No es fácil para un hombre hablar de estos temas; hombres feministas no hay, suele decirse, y probablemente es verdad. Todos queremos tener un harén y cincuenta o cien esclavas sumisas, sólo que algunos lo sabemos y otros no lo saben aún. Pero hay algunas cosas claras, objetivamente (a mi entender): a) Ningún ser humano tiene derecho de violencia o lesión sobre otro. b) La legislación actual es insuficiente para reprimir el maltrato a las mujeres. c) La poca que hay no se aplica con rigor. d) Hay una pesada carga en el inconsciente colectivo que, siquiera subliminalmente, hace que las mujeres, incluso las más cultas y conscientes, consideren el maltrato por parte de su pareja algo normal, al menos dentro de ciertos límites. e) En muchos, MUCHOS casos, la mujer (y no sólo española) no considera el maltrato, incluso a ella misma, como otra cosa sino como una señal de virilidad -mientras que constituye lo contrario-. f) Todo poder que se obtiene o perpetúa con violencia es ilegítimo. g) Al igual que en el caso de los menores de quienes se abusa sexualmente, la víctima, paradójicamente, desarrolla (ella) un sentimiento de vergüenza y culpa que, en verdad, corresponde al agresor. Y el agresor es el hombre; pero ¿no es culpable un cierto número (repito: un cierto número) de mujeres que no denuncian, que callan, que retiran la denuncia "porque es el padre de mis hijos", que disfrutan incluso -alguien tendrá que decirlo- con el maltrato físico y moral? ¿No hay jueces (jueces mujeres) que conceden a violadores que van a reincidir con toda seguridad libertad condicional por buena conducta -en la cárcel no violaron a ninguna mujer- por un mal entendido prurito de objetividad legalista? ¿No hay (mujeres) profesionales del derecho que no tienen empacho en defender a estos violadores, a maltratadores empedernidos, a asesinos de su pareja?

 Mientras en esta cuestión las mujeres no sean una piña, un frente sin ausencias, sin silencios y sin fisuras, la ventaja la llevamos nosotros; y no existen hombres feministas, ni el ser humano es bueno por naturaleza. Son la Ley y la rebelión de la víctima las únicas cosas que pueden coartarlo.

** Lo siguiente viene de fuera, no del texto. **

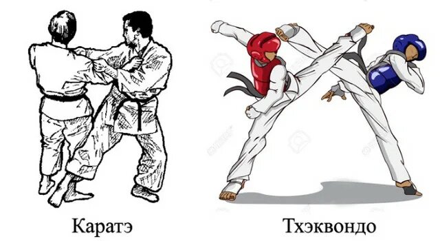 Каратэ бьёт на пробивную силу: удар цуки в солнечное сплетение или маваши-гери в рёбра способны вывести из строя. Тхэквондо же выигрывает за счёт скорости и количества атак. Тхэквондист может нанести 3–4 удара ногами за то время, пока каратист готовит один мощный выпад. Но если каратист выдержит первый шквал, его контратака будет опаснее.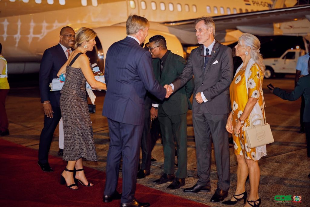 Het Koninklijk paar werd warm verwelkomd door een delegatie bestaande uit onder anderen minister Melvin Bouva van Buitenlandse Zaken, Internationale Handel en Samenwerking (BIS), de Nederlandse ambassadeur Walter Oostelbos en districtscommissaris Patrick Kensenhuis van Para.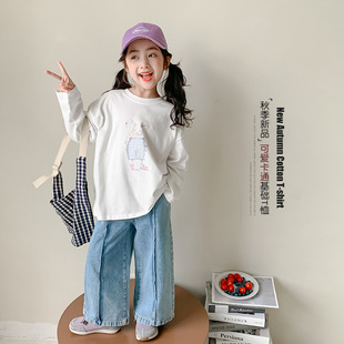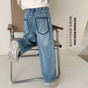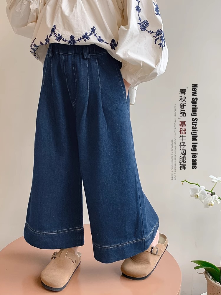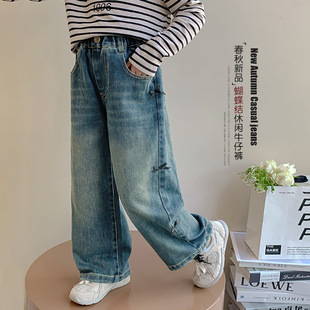 女童秋装牛仔裤2024新款早秋儿童直筒阔腿裤洋气女孩秋季韩版裤子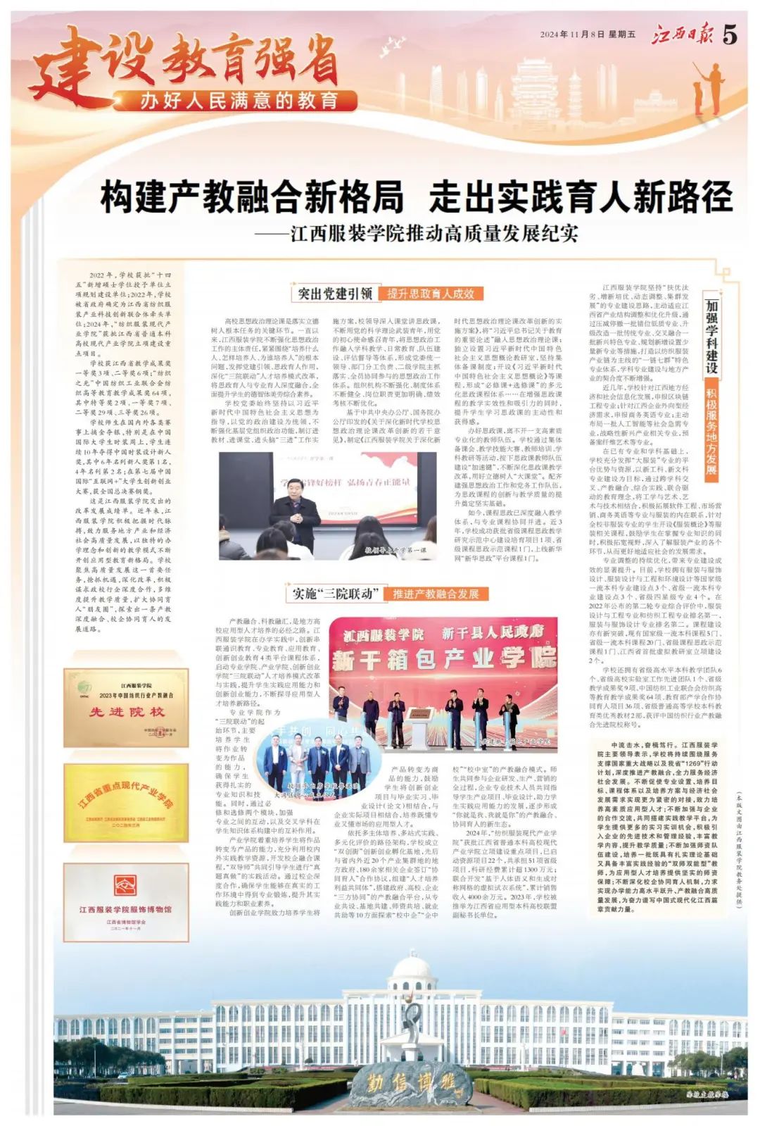 2024年11月08日,《江西日报》(第05版)刊发我校教育教学改革文章《构建产教融合新格局 走出实践育人新路径 ——江西服装学院推动高质量发展纪实》。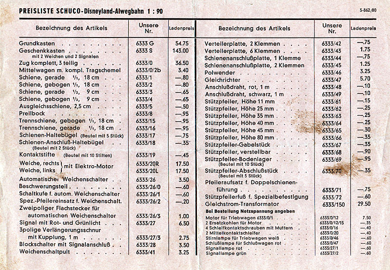 The Schuco-Disneyland-Alweg-Monorail is a D/C model train. It can operated with every D/C transformer from 14-17 Volts.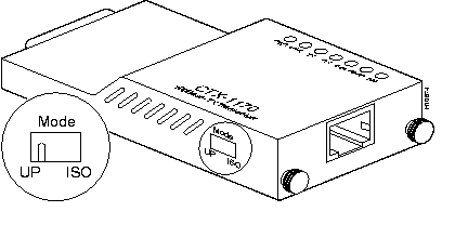 The 100BaseTX transceiver has one switch setting and seven diagnostic lights. Make sure that the switch is in UP ("Up and Running") mode (shown in Figure 3). In this case, the transceiver is free to transmit and receive data. The ISO ("Isolation") mode applies only if the transceiver is configurable by the host's software, and thus does not apply here.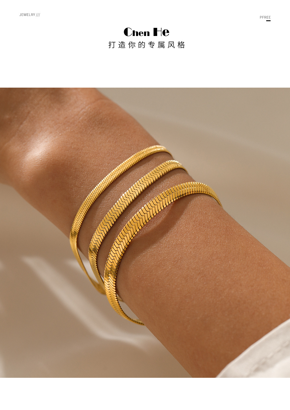 eManco ステンレススチール製スネークボーンチェーン シンプルブレスレット レディース 細身 多用途 フラットスネークチェーンブレスレット ins カップルブレスレット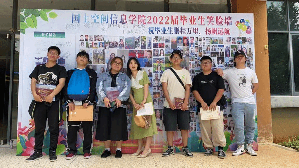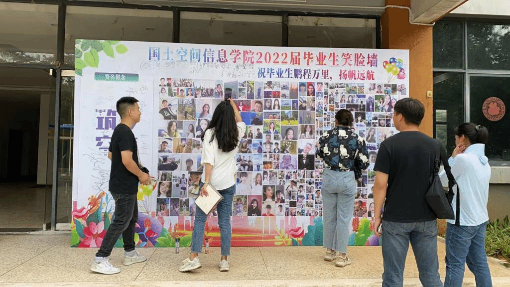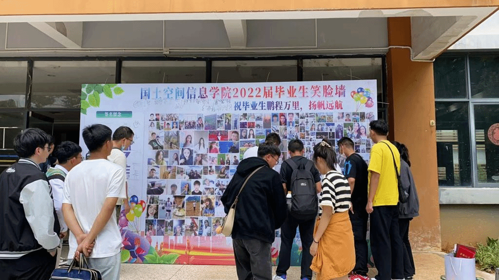 学院还征集了2022届毕业生的笑脸照,并用这些照片制作成笑脸墙,毕业生们纷纷在笑脸墙上签上自己名字,纪念自己美好的大学时光。

El peor enemigo de las mujeres son ellas mismas, en ese número -si mayor o menor, no lo sé- que aún piensa, o siente, que es natural, aceptable, masculino que su pareja las maltrate de vez en cuando.

No pretendo sentar cátedra, pero, aunque no llegue a sabio, sí voy ya para viejo, y he pensado y visto y sentido mucho.